Related Expertise:Chemicals (PI), M&A and Divestitures

Consolidation Remakes Chemicals

August 16, 2018 By Andreas Gocke , Hubert Schönberger , Pranshu Rohatgi , and Philipp Jostarndt

Consolidation has driven M&A in the chemical industry for decades. Now, though, the pace is accelerating, transforming many chemical segments as companies look to focus their portfolios and further optimize their business models.
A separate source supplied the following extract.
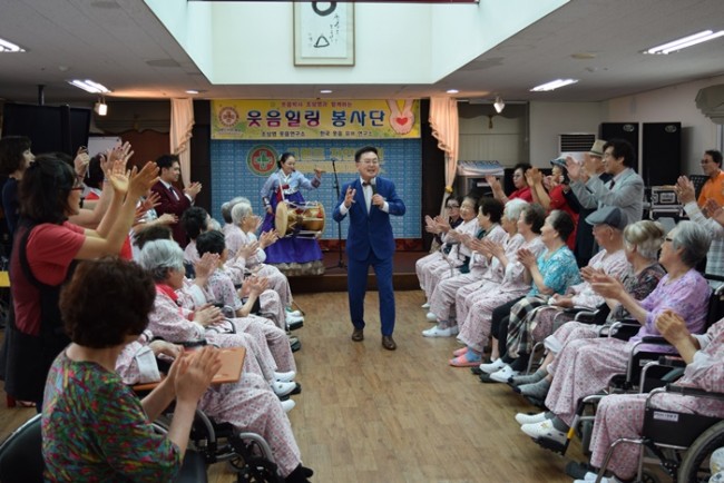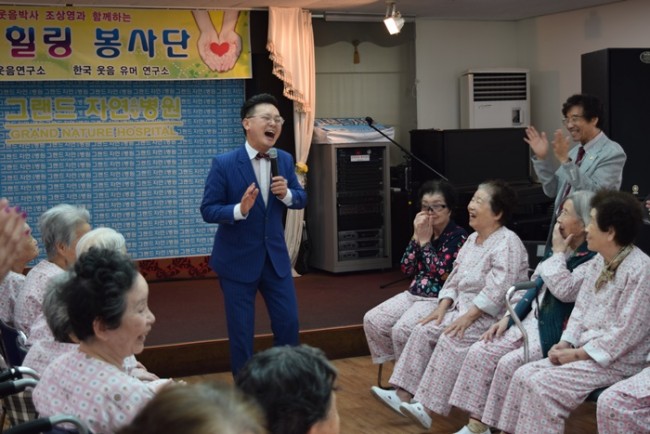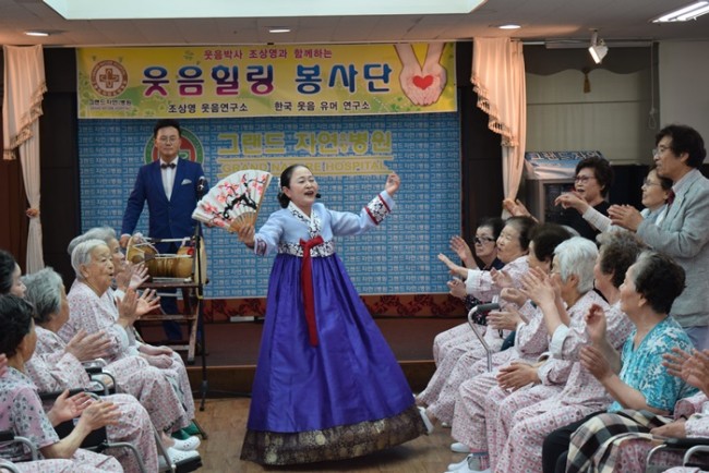 그랜드자연요양병원은 우리 어르신들이 보다 나은 병상생활을 통해 건강해지기 위한 특화 프로그램으로 웃음박사 조상영 교수를 모셔 즐거운 웃음요법을 하고 있다.

To survive in this environment, companies need more than functional M&A capabilities—to identify specific opportunities, they need to understand the consolidation dynamics within the different specialty-chemical segments.

Adding to the M&A environment’s complexity: stepped-up competition from ever-more-sophisticated private equity buyers (which benefit from fewer regulatory or antitrust concerns than strategic buyers), newly assertive competitors from Asia pursuing outbound deals across the globe, and the tricky balancing act many companies must manage as they diversify their offerings while consolidating their focus.

With these dynamics in mind, we have assessed the progress of consolidation in key chemical segments, examined several secondary drivers of M&A in the industry and the impact of private equity in chemicals, and identified a number of concrete steps that executives can take to establish and maintain a competitive edge in the pursuit of M&A deals going forward.

Consolidation on the March

There have always been multiple deal rationales in the chemical industry, but consolidation has consistently been the number-one reason. (See Exhibit 1.) We don’t expect that to change; in fact, the pace of consolidation is likely to pick up. Our analysis of all deals announced in chemicals from 2012 through 2017 indicates that segment consolidation is the most popular deal rationale, accounting for almost 46% of all deal value. Portfolio diversification is the second most popular rationale at approximately 22%. M&A for geographic expansion contributes about 9%; technology acquisition accounts for just 1%.

The reasons for consolidation vary. Some companies, such as those in the agrochemical segment, are motivated to consolidate to gain scale and lower costs, which they can accomplish by acquiring related businesses and combining R&D, production, sales, and logistics activities. Others seek to strengthen a specialty, snapping up divisions or assets rather than entire companies. This rationale is particularly dominant among base-chemical players that want to go downstream into high-value and niche businesses such as compounding. 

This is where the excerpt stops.